# rohm swimming video



## nismo driver (Jan 27, 2004)

save to desk top or open withmedia player

i hope this works ive never posted a video before. this is of my 7.5 inch brazillian ROHM swimming in the current of a 802 powerhead, it not very exciting i guess but its cool to see him swimming, could be considered a behavioral observation video.


----------



## Fishman (Mar 1, 2003)

Nice vid and great looking rhom


----------



## shoe997bed263 (Oct 15, 2004)

it worked looks great. so that rhom is from brazil i dont think that i have seen any of those for sale.


----------



## shoe997bed263 (Oct 15, 2004)

what size tank do u have him in???


----------



## MR.FREEZ (Jan 26, 2004)

its a spectacular video man, the fish looks great, bet he feels like hes swimmin down

a river


----------



## Death in #'s (Apr 29, 2003)

shoe997bed263 said:


> it worked looks great. so that rhom is from brazil i dont think that i have seen any of those for sale.
> [snapback]862901[/snapback]​


maybe from colombia 
who knows though

but great vid


----------



## LOON (Jan 30, 2004)

Looks like my Brazilian Rhom, although yours looks a bit thicker than mine. Very nice nismo.


----------



## TheRealSNiger (Dec 25, 2004)

Is the current is like that through the whole tank? That is too much. He should have a spot where he doesn't have to do that. Very important! Current is good, don't get me wrong. But too much is too much. I place mine at the top of the water. It allows the whole tank to get a nice (not too much) current.


----------



## killerbee (Aug 18, 2004)

thats pretty cool, but i think he might need a bigger tank already. He looks a little crammed.


----------



## nismo driver (Jan 27, 2004)

ok to answer all questions..

shoe997bed263 
i Got him from george, he said it was a yellow brazillian rhom, im not really that great at IDing P's but from what ive seen of other pics of yellow rhoms he looks like one..

killerbee & shoe997bed263
hes in a 55 gallon right now, i know this is alittle small which is why i have the powerhead to keep him active and entertained. i do have a 125 that isnt set up right now but im thinking about making that into a nice planted river bed type enviroment and putting him in there..

TheRealSNiger
the power head is on the bottom right side of the tank, i usualy only run it for a few hours a day so there arent crazy currents all the time but there are areas in the tank where he can move out of the current and chill when it is on. usually ill turn it on and watch for awhile and see if he looks interested in it, if he starts swimming i leave it on if he stays away from it i turn it off..

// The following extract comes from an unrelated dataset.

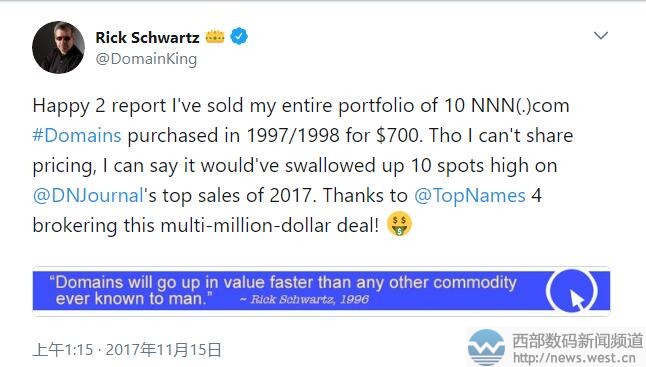 “域名大王”Rick一連出售10個三數(shù)字域名!美圖收購 “青年會所”域名西部數(shù)碼(west.cn)11月21日消息,據(jù)namepros在論壇曝料稱,近日知名投資大佬“域名大王”Rick Schwartz出售了包括346.com、348.com等在內(nèi)的10個三數(shù)字域名,交易總額達數(shù)百萬美元。與此同時,美圖秀秀公司拿下了英文組合域名PartyNow.com。

im going to try to get more videos, i really havent seen enough vids of RHOMs on p-fury and the few that i have seen are just finger chasing ones. he isnt really a crazy eater but ill record some stuff and if i get anything good i will post it..


----------



## dutchfrompredator (Sep 26, 2004)

you have a magnificent rhom there. just stunning to see. i love how he swims into the current. my rhom is my only p that won't do that.







you know he's just getting stronger and hungrier and more muscular every time he gets his little workout. i'd probably try to get him into a larger tank or remove a little deco if possible though. great video!


----------



## jackburton (Nov 25, 2003)

m8 thats cool i dont think its to strong for him looks like he loves it .prolly make him grow faster and stronger to n1 good job


----------



## NegativeCamber (Nov 29, 2004)

excellent specimen!







He definitly loves the current more than mine! Looks very strong and thick. I am actually jealous.


----------



## SLANTED (Dec 7, 2003)

Great looking rhom. Very cool seeing him cruz in that current. None of my rhoms really enjoyed a powerhead too much.


----------



## stingray (Apr 2, 2004)

Damn this rhom is beautiful









very good tank-setup , looks great !!!!


----------



## Ries (Mar 20, 2004)

verry beautiful rhom


----------



## jan (Apr 24, 2004)

That rhom looks great, thnx for sharing that vid









Btw: was that a dead goldfish floating around the back?


----------



## nismo driver (Jan 27, 2004)

jan said:


> That rhom looks great, thnx for sharing that vid
> 
> 
> 
> ...


it wasnt dead yet, i actually just threw the feeders in and that one was almost dead, bastards at petco.. i scooped that one out and flushed it before started rotting..


----------



## jan (Apr 24, 2004)

Ok, but it looked kinda funny to see that almost dead goldfish floating around upside down


----------



## Esoteric (Jul 7, 2004)

Very nice video, hes gonna be a monster


----------